## Exercise description
Each line below should be quoted exactly, please.

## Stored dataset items

Start of Block

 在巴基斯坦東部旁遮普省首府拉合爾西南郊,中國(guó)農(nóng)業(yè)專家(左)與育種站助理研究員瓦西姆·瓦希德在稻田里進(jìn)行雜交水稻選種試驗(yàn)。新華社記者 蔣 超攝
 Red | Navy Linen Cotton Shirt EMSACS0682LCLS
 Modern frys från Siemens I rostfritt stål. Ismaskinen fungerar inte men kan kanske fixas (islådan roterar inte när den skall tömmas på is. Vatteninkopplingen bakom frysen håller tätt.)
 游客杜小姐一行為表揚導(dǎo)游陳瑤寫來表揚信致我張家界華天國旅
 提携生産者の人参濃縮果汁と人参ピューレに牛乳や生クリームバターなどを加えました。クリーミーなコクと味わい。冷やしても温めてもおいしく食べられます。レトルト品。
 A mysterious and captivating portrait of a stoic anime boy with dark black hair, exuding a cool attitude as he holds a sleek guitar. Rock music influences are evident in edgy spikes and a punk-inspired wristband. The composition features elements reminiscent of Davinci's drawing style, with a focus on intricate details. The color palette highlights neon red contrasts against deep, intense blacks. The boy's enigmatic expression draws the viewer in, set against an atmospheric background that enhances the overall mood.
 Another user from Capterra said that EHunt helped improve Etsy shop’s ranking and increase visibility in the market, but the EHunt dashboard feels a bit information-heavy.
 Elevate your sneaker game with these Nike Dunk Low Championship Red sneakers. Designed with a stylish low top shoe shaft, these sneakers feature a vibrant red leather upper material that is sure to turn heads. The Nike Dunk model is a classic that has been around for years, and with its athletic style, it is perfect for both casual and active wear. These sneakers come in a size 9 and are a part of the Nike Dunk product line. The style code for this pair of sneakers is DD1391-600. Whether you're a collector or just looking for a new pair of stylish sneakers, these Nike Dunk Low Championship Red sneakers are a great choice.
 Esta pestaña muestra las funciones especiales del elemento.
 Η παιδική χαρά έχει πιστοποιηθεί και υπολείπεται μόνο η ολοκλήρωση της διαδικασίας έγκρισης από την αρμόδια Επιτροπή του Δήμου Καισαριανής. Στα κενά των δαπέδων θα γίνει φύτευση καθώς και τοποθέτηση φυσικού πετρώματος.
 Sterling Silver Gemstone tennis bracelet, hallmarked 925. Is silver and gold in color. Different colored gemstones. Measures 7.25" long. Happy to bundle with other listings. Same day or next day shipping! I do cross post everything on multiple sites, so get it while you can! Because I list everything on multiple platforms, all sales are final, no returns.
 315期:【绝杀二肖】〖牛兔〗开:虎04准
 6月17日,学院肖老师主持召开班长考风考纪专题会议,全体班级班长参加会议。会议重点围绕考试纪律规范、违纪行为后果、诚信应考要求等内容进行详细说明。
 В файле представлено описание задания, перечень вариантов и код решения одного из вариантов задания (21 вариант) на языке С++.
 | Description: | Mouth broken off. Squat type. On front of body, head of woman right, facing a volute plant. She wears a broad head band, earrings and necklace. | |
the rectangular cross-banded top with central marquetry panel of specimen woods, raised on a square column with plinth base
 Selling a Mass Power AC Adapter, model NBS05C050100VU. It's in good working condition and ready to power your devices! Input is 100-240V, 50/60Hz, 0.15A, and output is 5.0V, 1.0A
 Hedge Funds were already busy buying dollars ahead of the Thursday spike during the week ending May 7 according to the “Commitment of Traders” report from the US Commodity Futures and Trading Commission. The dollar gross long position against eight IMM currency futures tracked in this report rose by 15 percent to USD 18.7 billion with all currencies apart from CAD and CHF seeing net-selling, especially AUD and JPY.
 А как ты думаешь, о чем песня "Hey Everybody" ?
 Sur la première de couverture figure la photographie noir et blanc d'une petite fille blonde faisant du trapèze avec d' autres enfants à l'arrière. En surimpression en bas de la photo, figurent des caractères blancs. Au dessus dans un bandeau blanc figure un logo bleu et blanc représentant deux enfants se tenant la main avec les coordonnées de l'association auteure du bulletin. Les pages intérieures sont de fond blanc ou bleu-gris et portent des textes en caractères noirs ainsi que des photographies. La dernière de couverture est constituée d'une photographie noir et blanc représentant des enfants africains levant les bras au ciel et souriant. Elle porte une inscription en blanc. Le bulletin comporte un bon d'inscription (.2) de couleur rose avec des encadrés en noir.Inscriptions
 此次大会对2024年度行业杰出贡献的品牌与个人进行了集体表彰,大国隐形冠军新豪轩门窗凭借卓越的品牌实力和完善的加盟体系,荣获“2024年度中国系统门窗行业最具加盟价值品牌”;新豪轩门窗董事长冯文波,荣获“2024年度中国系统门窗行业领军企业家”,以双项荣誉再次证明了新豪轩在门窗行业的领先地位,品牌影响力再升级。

End of Block

## Finished exercise
 在巴基斯坦東部旁遮普省首府拉合爾西南郊,中國(guó)農(nóng)業(yè)專家(左)與育種站助理研究員瓦西姆·瓦希德在稻田里進(jìn)行雜交水稻選種試驗(yàn)。新華社記者 蔣 超攝
 Red | Navy Linen Cotton Shirt EMSACS0682LCLS
 Modern frys från Siemens I rostfritt stål. Ismaskinen fungerar inte men kan kanske fixas (islådan roterar inte när den skall tömmas på is. Vatteninkopplingen bakom frysen håller tätt.)
 游客杜小姐一行為表揚導(dǎo)游陳瑤寫來表揚信致我張家界華天國旅
 提携生産者の人参濃縮果汁と人参ピューレに牛乳や生クリームバターなどを加えました。クリーミーなコクと味わい。冷やしても温めてもおいしく食べられます。レトルト品。
 A mysterious and captivating portrait of a stoic anime boy with dark black hair, exuding a cool attitude as he holds a sleek guitar. Rock music influences are evident in edgy spikes and a punk-inspired wristband. The composition features elements reminiscent of Davinci's drawing style, with a focus on intricate details. The color palette highlights neon red contrasts against deep, intense blacks. The boy's enigmatic expression draws the viewer in, set against an atmospheric background that enhances the overall mood.
 Another user from Capterra said that EHunt helped improve Etsy shop’s ranking and increase visibility in the market, but the EHunt dashboard feels a bit information-heavy.
 Elevate your sneaker game with these Nike Dunk Low Championship Red sneakers. Designed with a stylish low top shoe shaft, these sneakers feature a vibrant red leather upper material that is sure to turn heads. The Nike Dunk model is a classic that has been around for years, and with its athletic style, it is perfect for both casual and active wear. These sneakers come in a size 9 and are a part of the Nike Dunk product line. The style code for this pair of sneakers is DD1391-600. Whether you're a collector or just looking for a new pair of stylish sneakers, these Nike Dunk Low Championship Red sneakers are a great choice.
 Esta pestaña muestra las funciones especiales del elemento.
 Η παιδική χαρά έχει πιστοποιηθεί και υπολείπεται μόνο η ολοκλήρωση της διαδικασίας έγκρισης από την αρμόδια Επιτροπή του Δήμου Καισαριανής. Στα κενά των δαπέδων θα γίνει φύτευση καθώς και τοποθέτηση φυσικού πετρώματος.
 Sterling Silver Gemstone tennis bracelet, hallmarked 925. Is silver and gold in color. Different colored gemstones. Measures 7.25" long. Happy to bundle with other listings. Same day or next day shipping! I do cross post everything on multiple sites, so get it while you can! Because I list everything on multiple platforms, all sales are final, no returns.
 315期:【绝杀二肖】〖牛兔〗开:虎04准
 6月17日,学院肖老师主持召开班长考风考纪专题会议,全体班级班长参加会议。会议重点围绕考试纪律规范、违纪行为后果、诚信应考要求等内容进行详细说明。
 В файле представлено описание задания, перечень вариантов и код решения одного из вариантов задания (21 вариант) на языке С++.
 | Description: | Mouth broken off. Squat type. On front of body, head of woman right, facing a volute plant. She wears a broad head band, earrings and necklace. | |
the rectangular cross-banded top with central marquetry panel of specimen woods, raised on a square column with plinth base
 Selling a Mass Power AC Adapter, model NBS05C050100VU. It's in good working condition and ready to power your devices! Input is 100-240V, 50/60Hz, 0.15A, and output is 5.0V, 1.0A
 Hedge Funds were already busy buying dollars ahead of the Thursday spike during the week ending May 7 according to the “Commitment of Traders” report from the US Commodity Futures and Trading Commission. The dollar gross long position against eight IMM currency futures tracked in this report rose by 15 percent to USD 18.7 billion with all currencies apart from CAD and CHF seeing net-selling, especially AUD and JPY.
 А как ты думаешь, о чем песня "Hey Everybody" ?
 Sur la première de couverture figure la photographie noir et blanc d'une petite fille blonde faisant du trapèze avec d' autres enfants à l'arrière. En surimpression en bas de la photo, figurent des caractères blancs. Au dessus dans un bandeau blanc figure un logo bleu et blanc représentant deux enfants se tenant la main avec les coordonnées de l'association auteure du bulletin. Les pages intérieures sont de fond blanc ou bleu-gris et portent des textes en caractères noirs ainsi que des photographies. La dernière de couverture est constituée d'une photographie noir et blanc représentant des enfants africains levant les bras au ciel et souriant. Elle porte une inscription en blanc. Le bulletin comporte un bon d'inscription (.2) de couleur rose avec des encadrés en noir.Inscriptions
 此次大会对2024年度行业杰出贡献的品牌与个人进行了集体表彰,大国隐形冠军新豪轩门窗凭借卓越的品牌实力和完善的加盟体系,荣获“2024年度中国系统门窗行业最具加盟价值品牌”;新豪轩门窗董事长冯文波,荣获“2024年度中国系统门窗行业领军企业家”,以双项荣誉再次证明了新豪轩在门窗行业的领先地位,品牌影响力再升级。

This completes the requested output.